Наше счастливое время - Кон Джиён Страница 7
Наше счастливое время - Кон Джиён читать онлайн бесплатно
Голова болит так, что можно сойти с ума… Вчера не сомкнула глаз… Лекарства, которые ты выписал в прошлый раз, уже не помогают. И после них макияж неровно ложится… Прямо беда, пачками пить вредные таблетки – здоровье портить, а бессонница меня старит – кожа никуда не годится…» Немногословный брат вновь слушал молча, а я, сидя возле матери, жевала сэндвич из очень полезного ржаного хлеба с колбасой и овощами. Мы взглянули друг на друга. «Мама, вы бы не переживали!
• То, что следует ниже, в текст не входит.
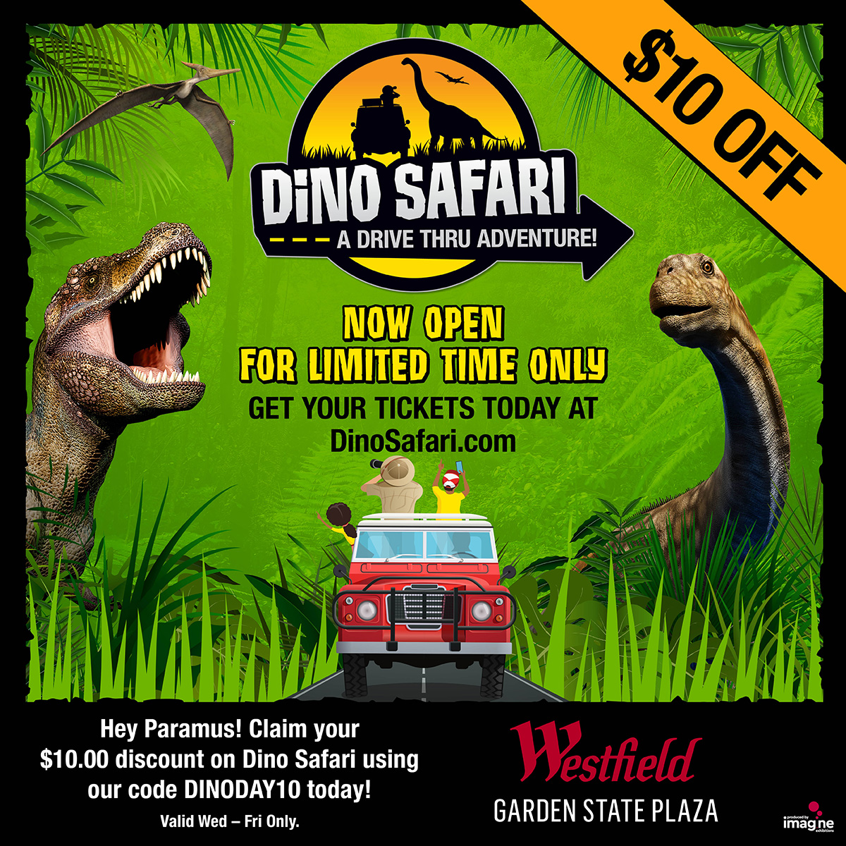 Park Entrance Fee 500 for NJ Residents. Dino Safari Open Until August 8. Westfield Garden State Plaza.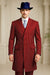 Mens Red Pinstripe Suit – Classic Long Coat Style with White Stripes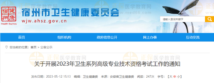 宿州市衛(wèi)生健康委員會發(fā)布關(guān)于開展2023年衛(wèi)生系列高級專業(yè)技術(shù)資格考試工作的通知,醫(yī)學(xué)教育網(wǎng)整理具體內(nèi)容如下: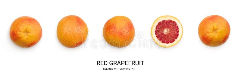 Toranja vermelha com casca alaranjada. Toranja vermelha inteira com o close up da casca alaranjada Seção do fruto agridoce suculento Ruby Citrus cortado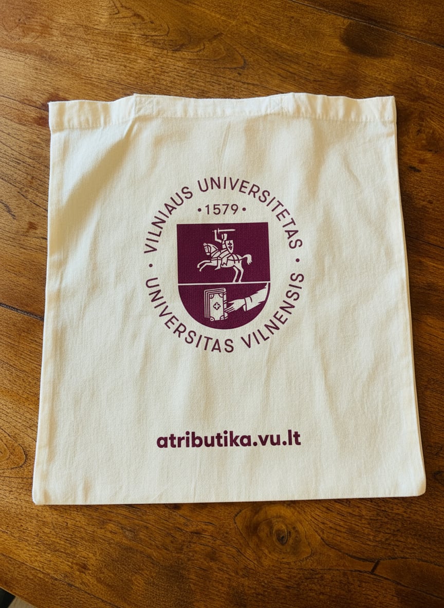 こちらは無地の生地にヴィリニュス大学のイメージカラーの紫で文字とロゴが入っています。
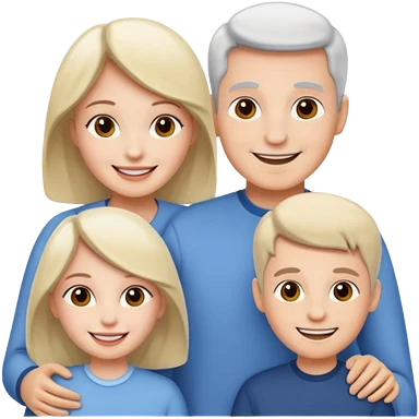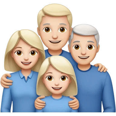 Family. White 60 year old man with dark hair and blue eyes. 60 year old woman with light brown hair and green eyes. Two 25 year old daughters with blonde hair and grey eyes emoji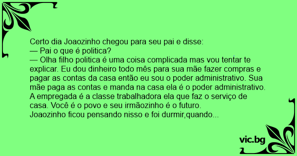 Certa vez Joãozinho pergunta ao pai: — Pai o que é política? E o pai responde: — Política é um conjunto de leis e normas que envolve poder econõmico, governo, classe trabalhadora, o povo e o futuro...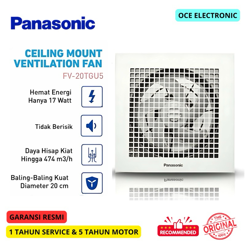 EXHAUST FAN PANASONIC CEILING MOUNT FAN FV-20TGU 8 INCH [GARANSI RESMI]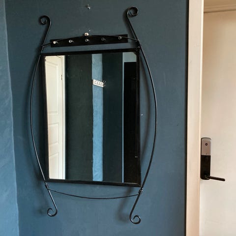Fint sort speil med skinn rem. Må hentes. 41 cm rett over. Butikkpris var 799kr.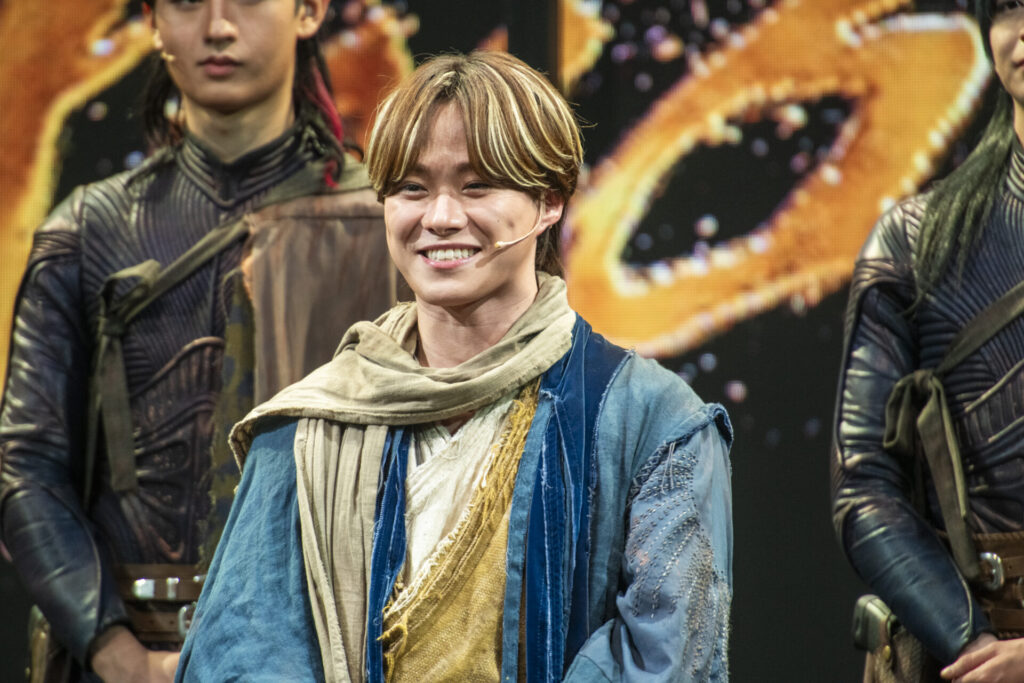 約3年前から構想が練られていたという本作について加藤シゲアキさんは、「その頃はまだコロナ禍の名残りが強く残っていて、そんな中で新設の劇場を作るというお話を聞きました。2020年代前半はエンタメ業界が虐げられた時代でもあったと思うんですけれど、そこからいつか希望に溢れた時代がやってくると信じて、またこの土地が有明というのはすごく縁起の良い名前−実際に有明というのはそういう名前の由来だそうで、夜が明けるようなエンターテイメントを作りたいという思いでした。特に若い世代の方々にとって演劇というのは敷居が高くなっているかもしれませんけれど、気兼ねなく来て楽しんでいただいて、観る側も、演じる側も楽しい舞台を作りたいというのがそもそもの気持ちでした。その思いのまま3年走ってきて、本当にたくさんの方の協力があってどうにかこの日を迎えられて、思いが形になったと信じておりますし、非常に喜びを感じております」と作品にかける深い思いを明かしました。
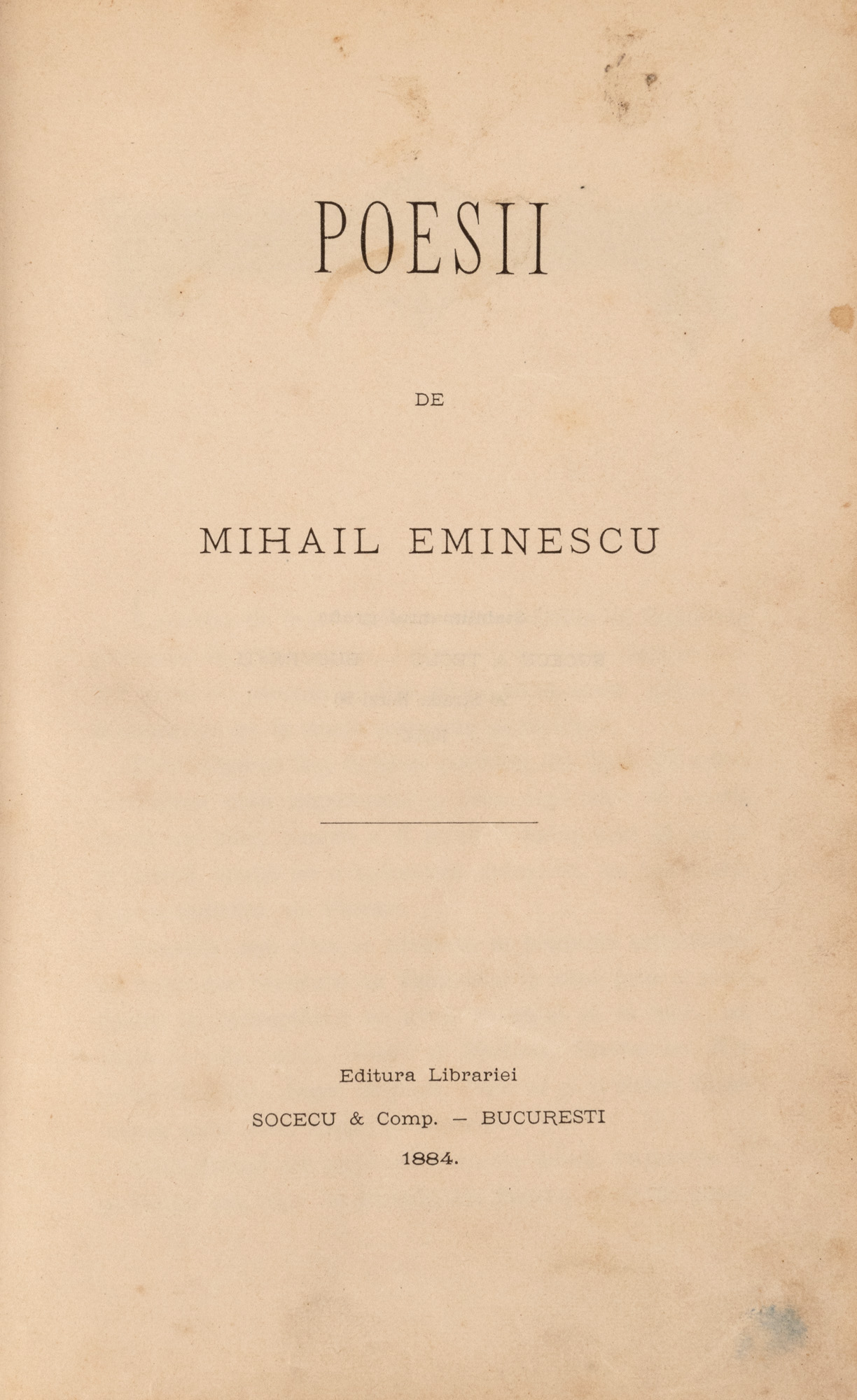 35. ”Poesii”, de Mihai Eminescu, Bucureşti, 1884, ediție princeps, provine din colecția Ioan G. Lecca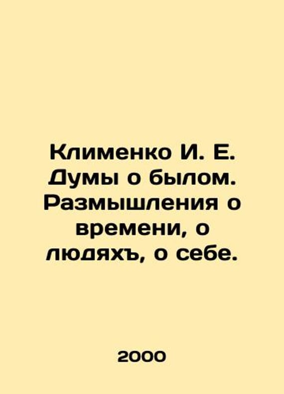 I. E. Dumas Klimenko about the past. Reflections on time, about people, about myself. In Russian /Klimenko I. E. Dumy o bylom. Razmyshleniya o vremeni, o lyudyakh, o sebe. In Russian. 3rd amended edition of Smolensk: Regional Journalism Organization, 2000, 552 p. We have thousands of titles and often several copies of each title may be available. Please feel free to contact us for a detailed description of the copies available. SKUalb95a40ccbb0aed056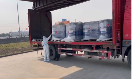 积极协调危化品车辆,不分昼夜探讨适用的物流方案。仓库部分岗位同事除了完成本职工作以外,还主动承担起进口货物消杀以及接送受管控司机的工作,确保原料正常供应。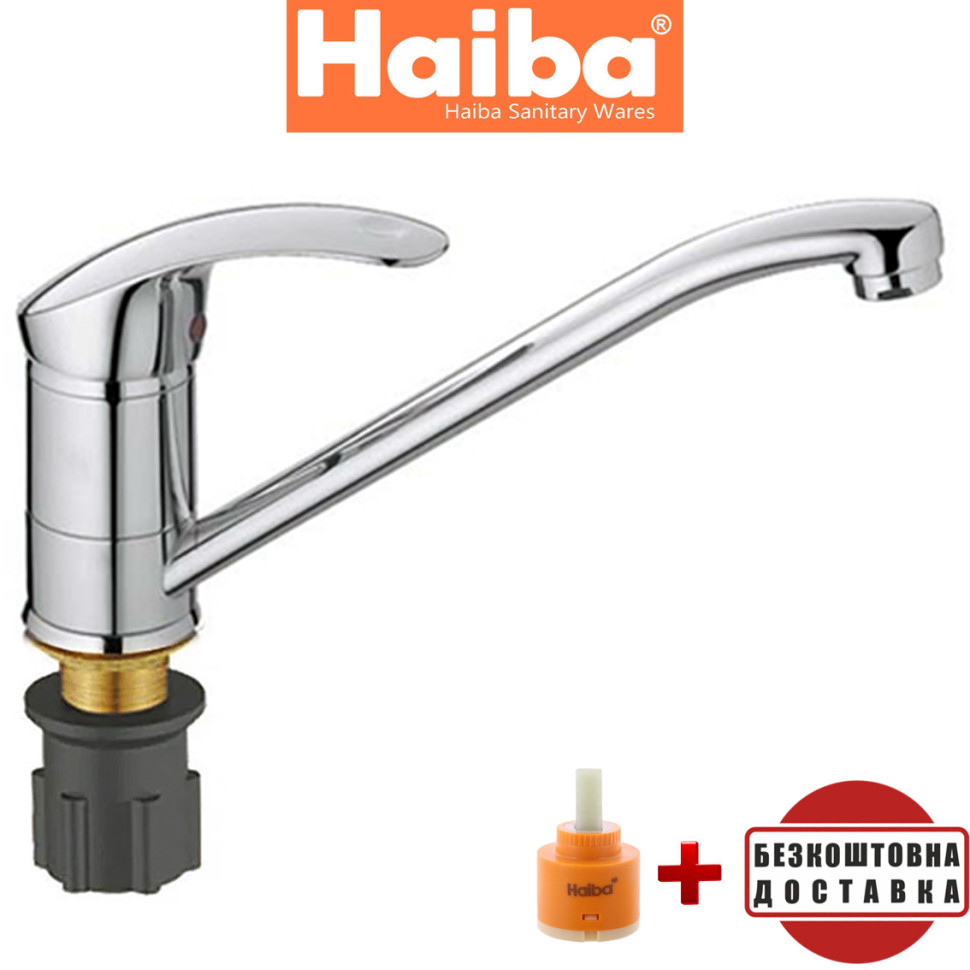 Змішувачі торгової марки HAIBA виготовляються на німецькому обладнанні з латуні найвищої якості. Контроль якості продукції HAIBA здійснюється фахівцями з Німеччини. У виробництві використовуються іспанські картриджі SEDAL та німецькі кран-букси. Латунний картриджний змішувач для кухні з довгим поворотним носом, комплектується гнучким підведенням 45 см, кріплення шпилька. Змішувач

Уже ведь несколько раз проверялись, и ничего страшного не обнаружили…» Оставалось удивляться его бесконечному терпению и участию в голосе… Я решила добавить: «Мама! Брат прав. Как же современная медицина сможет разобраться в твоей деликатно устроенной и суперчувствительной нервной системе?! Вот ничего и не остается таким утонченным натурам, как ты, кроме как смириться и терпеть…» Насколько я помню, то утро в конце концов опять завершилось мамиными воплями. Как каждый день. И когда она начала брюзжать, что пора прекратить изображать из себя никчемную певичку и отправиться с глаз долой учиться за границу, я с радостью ухватилась за эту идею. Интерес к жизни поп-дивы, которой я посвятила уже около года, постепенно угасал, к тому же появилась надежда, что я смогу наконец встречать утро тихо и мирно. Мне сильно надоело подстраиваться под ее настроение.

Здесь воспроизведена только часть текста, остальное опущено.